Friday, August 24, 2018

A Somewhat Disappointing Description of Bitcoin

The article "What Is the Blockchain?" appeared in the April 2018 issue of IEEE Computing Edge, authored by Massimo Di Pierro.  It also originally appeared in the September/October 2017 issue of IEEE Computing in Science & Engineering.

I was somewhat surprised and disappointed that this article was published in its current form.

The section describing what a Bitcoin fundamentally is and how it is created is not correct.  It is incorrect even when you allow for simplification in order to explain it to a reader without specific domain experience in this area.

The text of this section is as follows:
"A unit of bitcoin is nothing other than a number, but only some numbers are valid bitcoins.  These numbers are solutions solutions of a well-defined equation, and whoever finds a new solution owns it (this process is called mining).  Once a bitcoin is discovered, it can be traded, with transactions stored in a ledger.  Transactions are digitally signed with the credentials of the seller to avoid nonrepudiation.  There is no centralized ledger because users wouldn't trust one and because there are too many transactions to store them all in one place.  Hence bitcoin and other cryptocurrencies provide a distributed ledger in which every computer involved in the transaction of a specific coin (or fraction of a coin) keeps a copy of the history of that coin's transactions.  The blockchain technology makes sure that no party storing this history can tamper with it without being detected."

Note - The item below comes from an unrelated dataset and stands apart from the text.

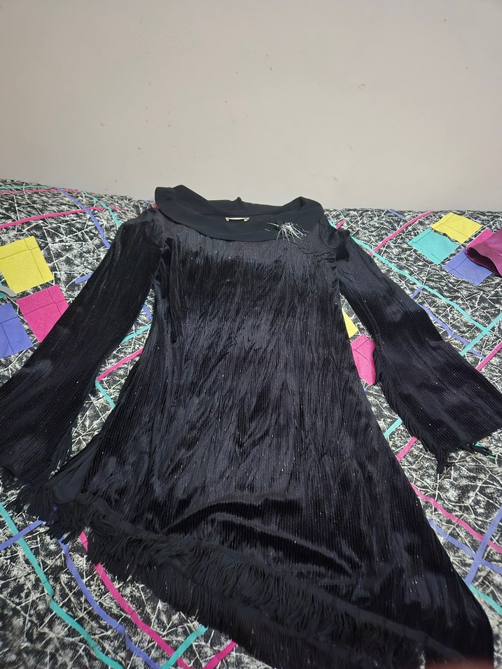 Uzun kollu, tekne yaka siyah gece bluzu, pileli kumaş ve bol kesim ile gotik desen sunar. Parti için uygundur.

1) Each Bitcoin not assigned a number.  And they are not created by finding one of these magic numbers.  While this description does align with the term "mining" (which to me has never seemed like an accurate description of what was actually occurring), it is not correct.

    a) "Mining" is actually a race to validate the next set of transactions, gathered in a block.  The kicker here is that a successful "mining" operation, in addition to validating the transactions, also has to calculate a qualifying hash (using the hash function SHA256) of the block.  The block header has fields built in that can be iterated upon in order to vary the hash result.  The current race is won when a "miner" has successfully found a qualifying hash value.  As more computing power is devoted worldwide to mining, the calculation difficulty of what counts as a "qualifying" hash is periodically adjusted (every 2016 blocks) so that rate at which new blocks are turned out remains at approximately once every 10 minutes.  Bitcoins are created when the winner of the current block race assigns himself a number of Bitcoins through an additional transaction (called the coinbase transaction).  This reward was originally 50 per block but is currently 12.5 and is cut in half every 210,000 blocks, which is approximately every four years.  This is the established reward for doing the block validation work and winning the current validation race.

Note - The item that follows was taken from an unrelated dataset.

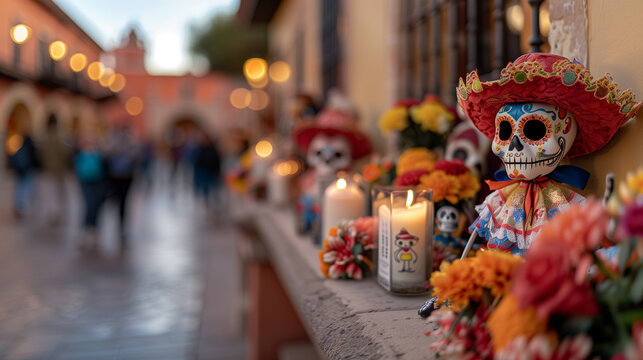 A display of skulls and candles on a ledge

    b) Bitcoins are not individually identified - they are only identified as quantities in transactions.  Therefore, you can't actually trace a bitcoin in the system, only the transactions.  This becomes even more evident when you pay attention to the fact that the smallest unit of currency the system will transact is not a bitcoin, but rather 1/100,000,000th of a bitcoin, which is known as a satoshi.

2) There is in fact a centralized ledger.  Not centralized in that there is only one copy, but centralized in that all transactions in the system can be stored on a single node.  Note that transactions are stored, not the Bitcoins themselves.  A person (wallet id, actually) can create outgoing transactions to spend Bitcoins (or fractions thereof) by referencing incoming transactions.  While not all nodes on the Bitcoin network maintain a full, up-to-date copy of the Bitcoin blockchain, many do.  These are full nodes and they can autonomously and authoritatively verify any transaction without external reference.  The size of the full blockchain can be found by conducting an internet search (ex. "bitcoin full blockchain size").  One site listing the historical size is: https://www.statista.com/statistics/647523/worldwide-bitcoin-blockchain-size/ .  According to this site, "The size of the Bitcoin blockchain has been growing since the creation of the Bitcoin virtual currency in 2009, reaching approximately 173 gigabytes in size by the end of June 2018."


Additionally, not worth mentioning on its own but as long as we are here, there is a typo in the article author's first Python function code example.  The function converts the parameters into a combined "token" object, but then does does not use that object in the hash function computation, instead using one of the function's input parameters.


For those wanting a whole book's worth of how Bitcoin works, I recommend the book "Mastering Bitcoin: Programming the Open Blockchain" by Andreas M. Antonopoulos.